→ WORK ORDER:
All lines from the one containing "I looked closer" through the end of the material are to be given back exactly, without pictures.

==== MATERIAL FOR THIS EXERCISE ====

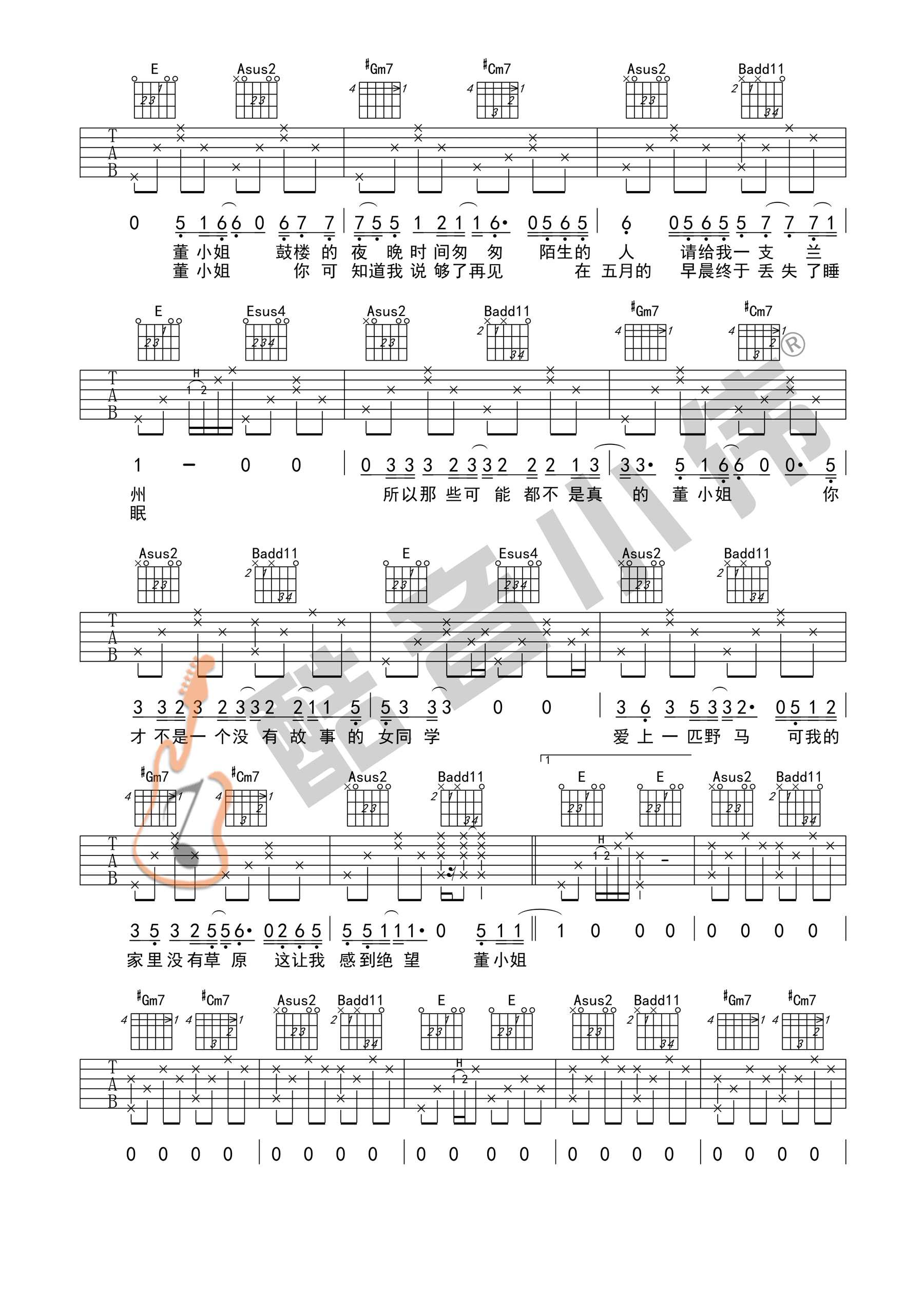 董小姐吉他谱 - 宋冬野 - E调吉他弹唱谱
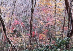 京都では高原リゾートして有名なるり渓温泉の駐車場にバイクを停めて、そこから河原に降りて渓谷の紅葉を散策することができます。11月になるととてもキレイなのでぜひ歩いてみてください。昨年の12月前半に行った時の写真を添付しておきます。この時はすでに紅葉というよりは落葉でしたが、地面が真っ赤に染まって、これはこれで素晴らしい景色でした。
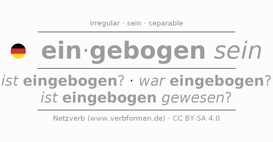 Clear online presentation of the verb 'ein·gebogen sein' including all verb forms. Therfore, the flection of the verb ein·gebogen sein can be useful for homework, tests, exams, German lessons in school, learning German, during studies and adult education. Especially for people learning German it is essential to know the correct flection of a verb (ist eingebogen? - war eingebogen? - ist eingebogen gewesen?).
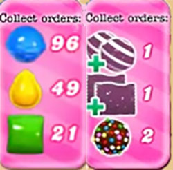 - If you need to collect special candies, focus on forming them right away. Don't bother making any special candies that don't fill your orders. If you need to make wrapped bombs, don't waste turns by making striped candies.
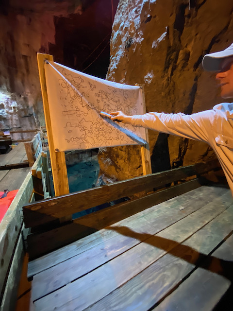 I looked closer at the website and saw a video that let me know we didn’t have to be divers! They had both a walking tour and boat tour of this incredible mine: “Worlds Largest Subterranean Lake! A guided tour by boat, of the Billion Gallon Lake with its crystal clear water, and spectacular view of the largest parts of the mine. See the No. 1 Elevator, Submerged Ore Carts, Wrapped Pillars, and Ancient Abandoned Overhead Wooden Cat Walks suspended 50-100 feet above the lake.” (also from the above website.)
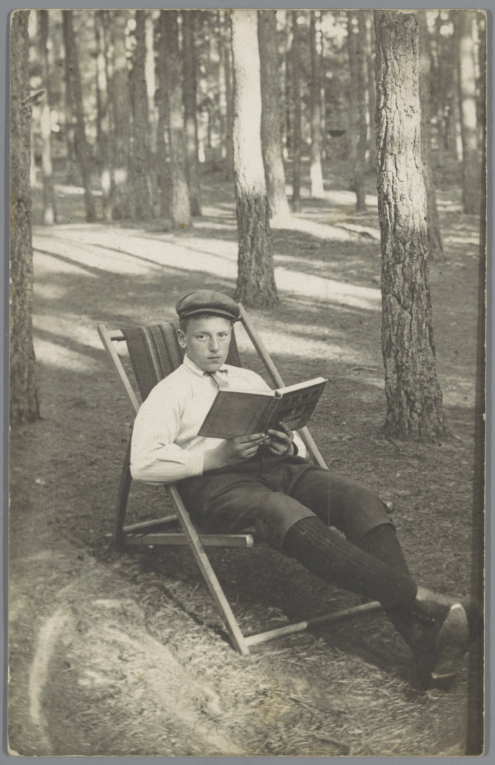 Portret van een onbekende jongen op een strandstoel ...

====

→ COMPLETED EXERCISE:
 I looked closer at the website and saw a video that let me know we didn’t have to be divers! They had both a walking tour and boat tour of this incredible mine: “Worlds Largest Subterranean Lake! A guided tour by boat, of the Billion Gallon Lake with its crystal clear water, and spectacular view of the largest parts of the mine. See the No. 1 Elevator, Submerged Ore Carts, Wrapped Pillars, and Ancient Abandoned Overhead Wooden Cat Walks suspended 50-100 feet above the lake.” (also from the above website.)
 Portret van een onbekende jongen op een strandstoel ...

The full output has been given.